1 Maar Jakob woonde in het land waar zijn vader ook als vreemdeling had gewoond, in Kanaän.
2 Dit is de geschiedenis van Jakob [ en zijn familie ]. Toen Jozef 17 jaar was (hij was dus nog jong) ging hij altijd met zijn broers de schapen hoeden. Die broers waren de zonen van Bilha en Zilpa, de bijvrouwen van zijn vader. En Jozef bracht zijn vader slechte berichten over zijn broers.

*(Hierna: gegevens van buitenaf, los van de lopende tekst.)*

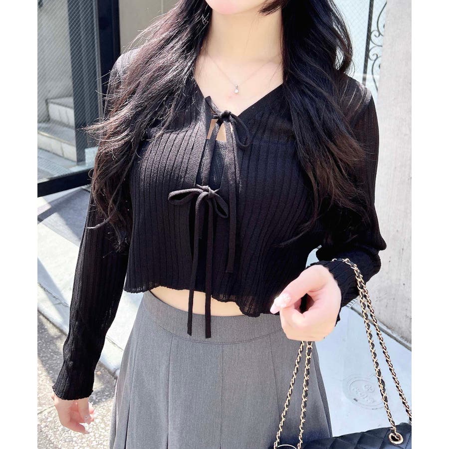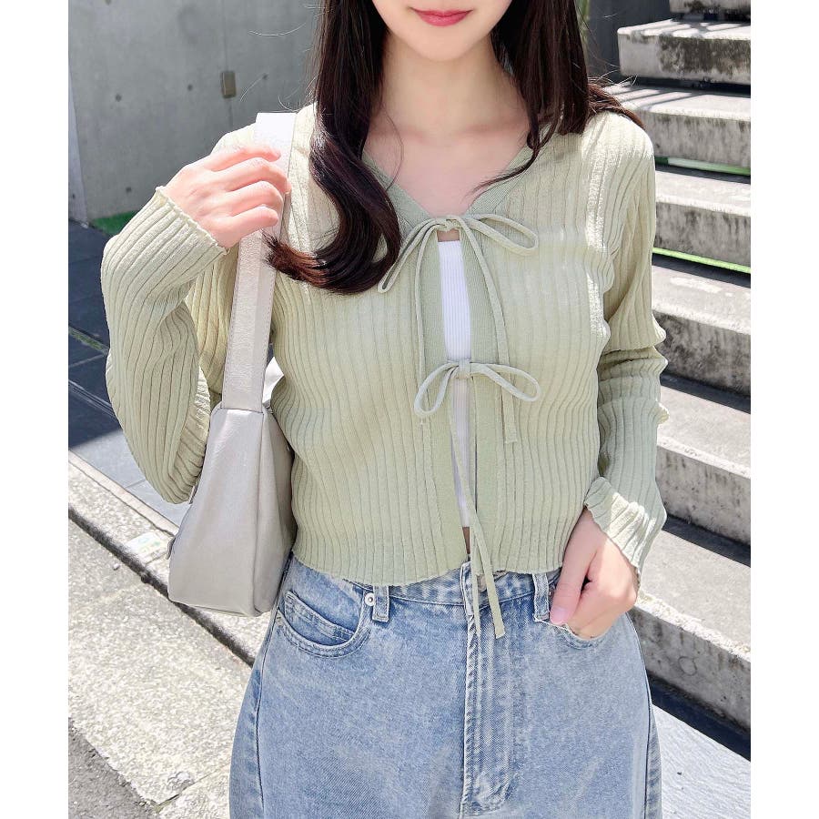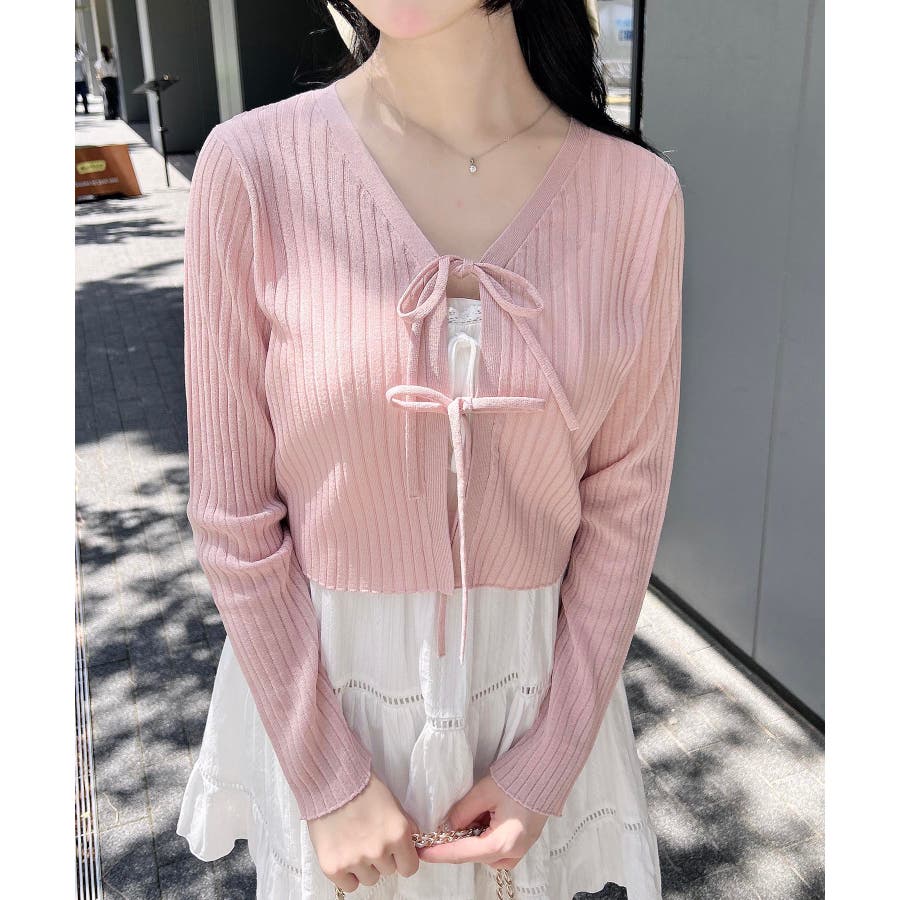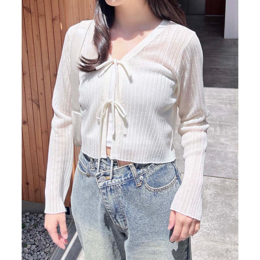 【シアーの透け感がかわいい大人気フロントリボンカーディガン】

3 Israël hield meer van Jozef dan van al zijn andere zonen, omdat Jozef geboren was toen Israël al oud was. Daarom gaf hij hem een mooie mantel met meerdere kleuren.
4 Toen zijn broers zagen dat hun vader meer van Jozef hield dan van hen, haatten ze hem. Ze konden niet meer vriendelijk tegen hem doen.

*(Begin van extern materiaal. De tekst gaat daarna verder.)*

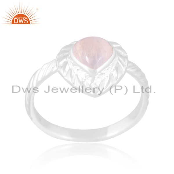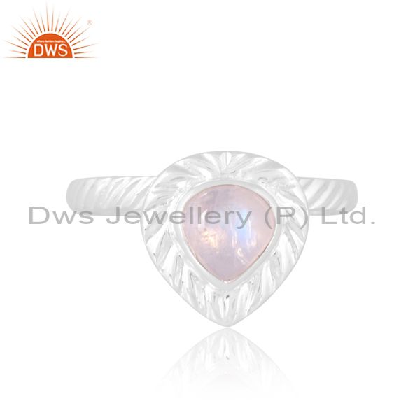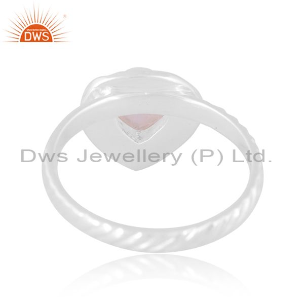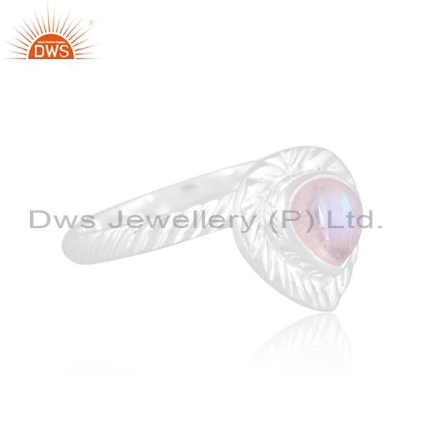 Heart Shaped Rainbow Moonstone Cabochon On Silver Ring

5 Op een keer had Jozef een droom. Hij vertelde die droom aan zijn broers. Toen haatten ze hem nog meer.
6 Want hij vertelde: "Luister eens naar wat ik heb gedroomd!
7 We waren in het veld bezig om het graan tot bossen te binden. Toen ging mijn bos graan overeind staan en blééf overeind staan. En die van jullie gingen er omheen staan en bogen voor míjn bos."